Always the same favorite place in the café. Always the same dish on the menu. Always the same route to work. Many things in our lives follow the motto: was good, stays good. But why is that? Researchers at the Technical University of Dresden have now found an answer to this question.
A team led by Professor Stefan Kiebel, an expert in cognitive computational neuroscience, i.e. the study of mental processes using computer models, has investigated how people make decisions. The research team used nine newly developed decision-making tasks as well as six existing data sets with a total of more than 700 participants. The study investigated how people initially become familiar with certain options and how they later decide when these reappear in new combinations.
Memory often decides more strongly than deliberation
It was particularly surprising to see how strongly a simple mechanism works. "Our study shows that many 'irrational' preferences do not primarily arise because people store values relative to other values, but because people tend to repeat preferred actions in a certain context," explains first author Dr. Ben Wagner. This repetition later leads to a particular option continuing to be preferred in new environments, even if there are equivalent or even better alternatives.

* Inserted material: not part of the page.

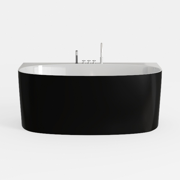 67 Inch Acrylic Freestanding Bathtub - Striking Black Exterior/White Interior, Chrome Drain & Overflow Set - Spacious Stand Alone Tub for Indulgent Deep Soaking,Marine

In other words, it is often not the conscious weighing up of advantages and disadvantages that plays the most important role, but the memory of what we have done before. In a sense, the brain uses a mental shortcut.
Frequently chosen automatically means better rated
Another key finding: options that people choose more often actually seem better to them over time. "The surprising thing was how much repetition alone can change preferences," explains Wagner. "More frequently chosen options were not only preferred, but also rated as better." In other words, people who reach for the same brand more often eventually consider it to be the better one, even without comparing them again.
The study was published in the journal "Communications Psychology". It helps to better understand everyday decisions and habits and provides new approaches for psychology and behavioral research, for example in the design of decision-making environments. Understanding how habits are formed can also help to change unfavorable routines in a more targeted way.
Original publication:
Wagner, B.J., Wolf, H.B. & Kiebel, S.J. Action repetition biases choice in context-dependent decision-making. Commun Psychol 3, 177 (2025).